Secondly, the Senate staffers went over 6 million documents. They didn't talk to the CIA agents directly. They had transcripts of when those agents were interviewed and they went through every one of the cases and they found -- excuse me -- they found no basis for a piece of intelligence that came as the result of an -- excuse me -- as a result of an EIT --


John McLaughlin should be commended for allowing diverse, strong and conflicting points of view on his program. Even though  many conservatives find Clift's views execrable, they do need to be heard in a free society, where individuals can make proper choices, then resist the poor thinking and the Left's moral relativity.

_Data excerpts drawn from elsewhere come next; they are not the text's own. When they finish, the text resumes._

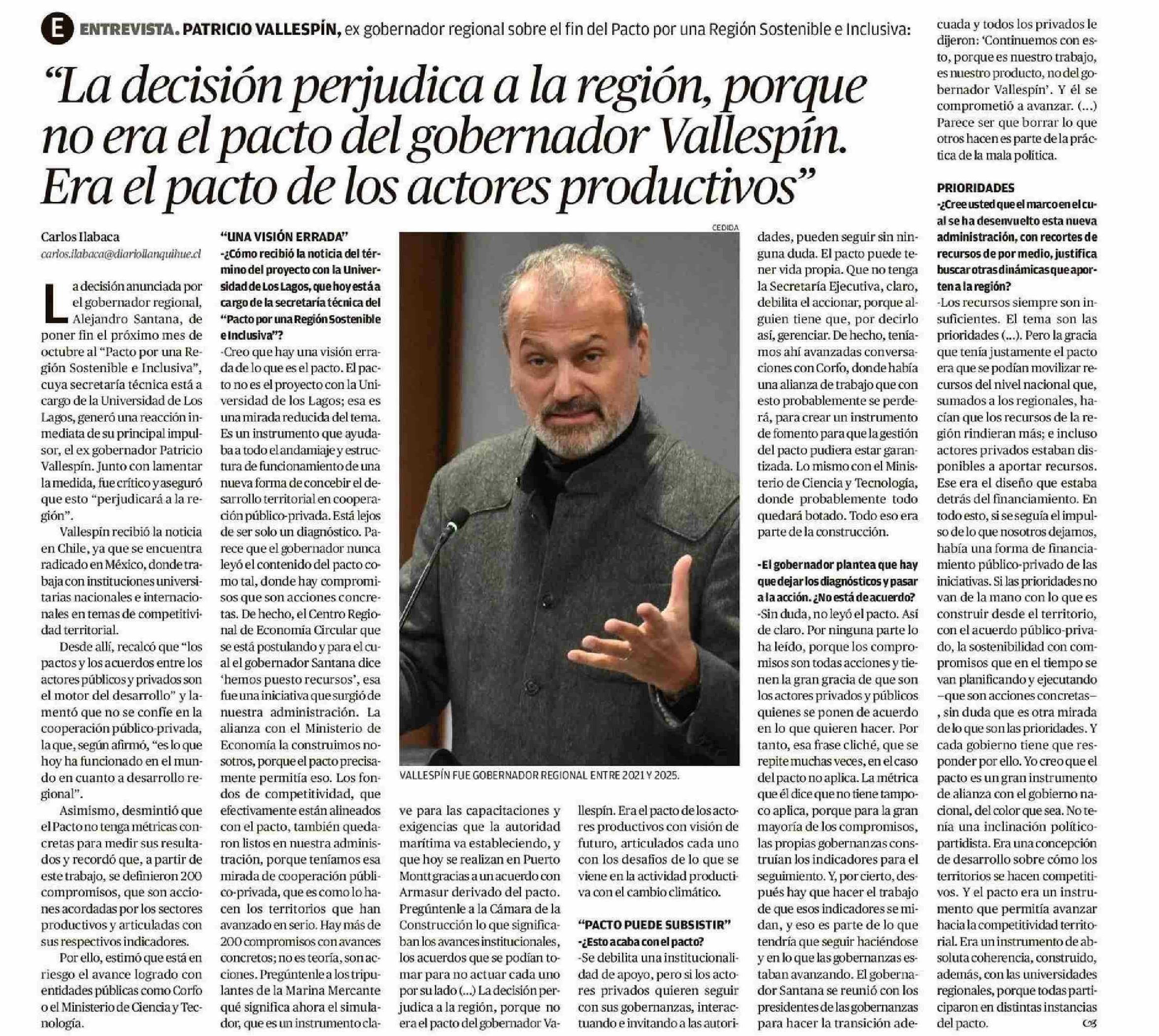“La decisión perjudica a la región, porque no era el pacto del gobernador Vallespín. Era el pacto de los actores productivos”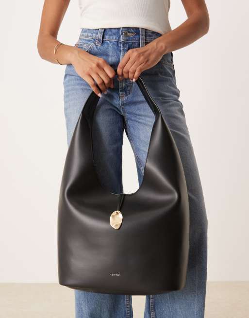 Calvin Klein Jeans - Borsa da spalla nera in pelle premium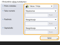 Negalite keisti <Receive Method> užregistravę <Persiuntimo parametrai>. Norėdami naudoti persiuntimo parametrus, kai pakeistas <Receive Method>, turėsite dar kartą užregistruoti persiuntimo parametrus. |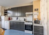De lichte woonkamer is aan de voorzijde van de woning gelegen en beschikt door de grote hoeveelheid raampartijen over veel natuurlijk lichtinval. De ruime keuken is aan de achterzijde van de woning gelegen en voorzien van een eenvoudig keukenblok met vaatwasser, koel-vriescombinatie en gasfornuis met oven.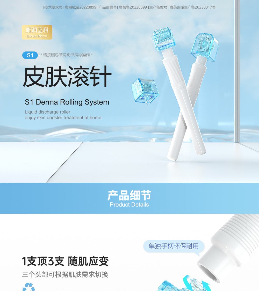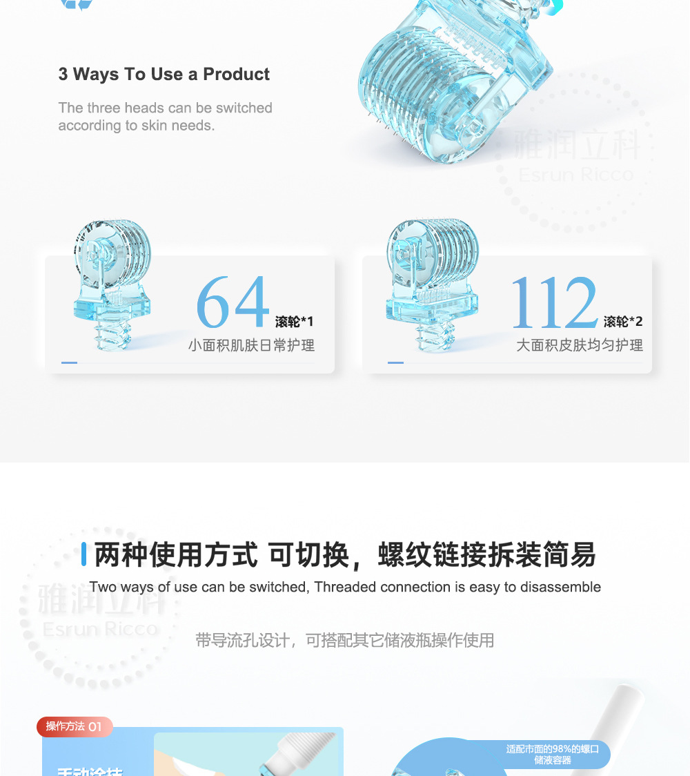 UHOOMA новый трехв одном многофункциональный игольчатый роллер, съемный, с заменяемой головкой

On a specific note, Clift's international rationale means nothing when terrorists are attacking skyscrapers and killing thousands of people. Terrorism which morphs into state-sponsored tyranny cannot be mitigated or contained by the Gentleman's Rules of Warfare of  Carl von Clauswitz' ideological dictates on military combat.

A Cartoon Critical of American Enhanced Interrogation Techniques
Zuckerman was right to denounce the petty, amoral sensitivities of humanitarian critics, and Buchanan reminded his colleagues that Al-Qaeda operatives are trained to conduct the most vicious, serially violent attacks on innocent civilians. Besides, the enhanced techniques, from water-boarding to sleep deprivation, to aggressive pressure through exaggerated threats, are nothing compared to the unspeakable evil perpetrated by ISIS and their terrorizing allies and subsidiaries throughout the Middle East.

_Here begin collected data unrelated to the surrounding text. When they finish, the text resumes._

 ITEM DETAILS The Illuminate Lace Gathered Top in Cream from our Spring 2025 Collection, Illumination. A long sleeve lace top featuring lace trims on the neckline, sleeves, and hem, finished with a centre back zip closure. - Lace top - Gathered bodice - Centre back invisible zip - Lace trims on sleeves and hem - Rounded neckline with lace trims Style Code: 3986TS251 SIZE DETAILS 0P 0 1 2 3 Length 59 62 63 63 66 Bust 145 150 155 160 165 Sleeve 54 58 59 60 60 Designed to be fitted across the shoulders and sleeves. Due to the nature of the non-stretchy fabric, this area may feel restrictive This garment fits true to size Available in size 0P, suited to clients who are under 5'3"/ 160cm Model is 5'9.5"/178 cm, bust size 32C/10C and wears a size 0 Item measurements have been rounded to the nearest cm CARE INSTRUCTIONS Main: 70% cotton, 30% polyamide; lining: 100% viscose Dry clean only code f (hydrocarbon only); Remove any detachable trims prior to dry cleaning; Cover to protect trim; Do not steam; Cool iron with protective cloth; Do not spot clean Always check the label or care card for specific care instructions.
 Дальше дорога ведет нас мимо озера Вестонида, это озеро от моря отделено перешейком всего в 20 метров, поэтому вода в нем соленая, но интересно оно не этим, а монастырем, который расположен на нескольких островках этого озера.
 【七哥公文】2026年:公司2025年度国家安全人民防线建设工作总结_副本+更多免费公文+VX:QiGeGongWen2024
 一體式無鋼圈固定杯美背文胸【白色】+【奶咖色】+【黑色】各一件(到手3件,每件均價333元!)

While arguing about the political niceties and moral complaints of this issue, the McLaughlin missed relating that the United States has maintained  the rule of law to adjudicate then condemn the terrorist suspects. This point of order led to widespread outrage with the Obama Administration when they discussed moving the 9-11 conspirators away from military tribunals to civil courts in New York City. For the record, the terrorist suspects in Guantanamo Bay have been on trial for more than a decade, still waiting for trial, still represented by defense council.

Because terrorism, and its long-standing impact, hit to the core of national security, and human frailty, no one should be surprised at the heated, even tortured nature of the McLaughlin Group's eventful clash on Senator Feinstein's report.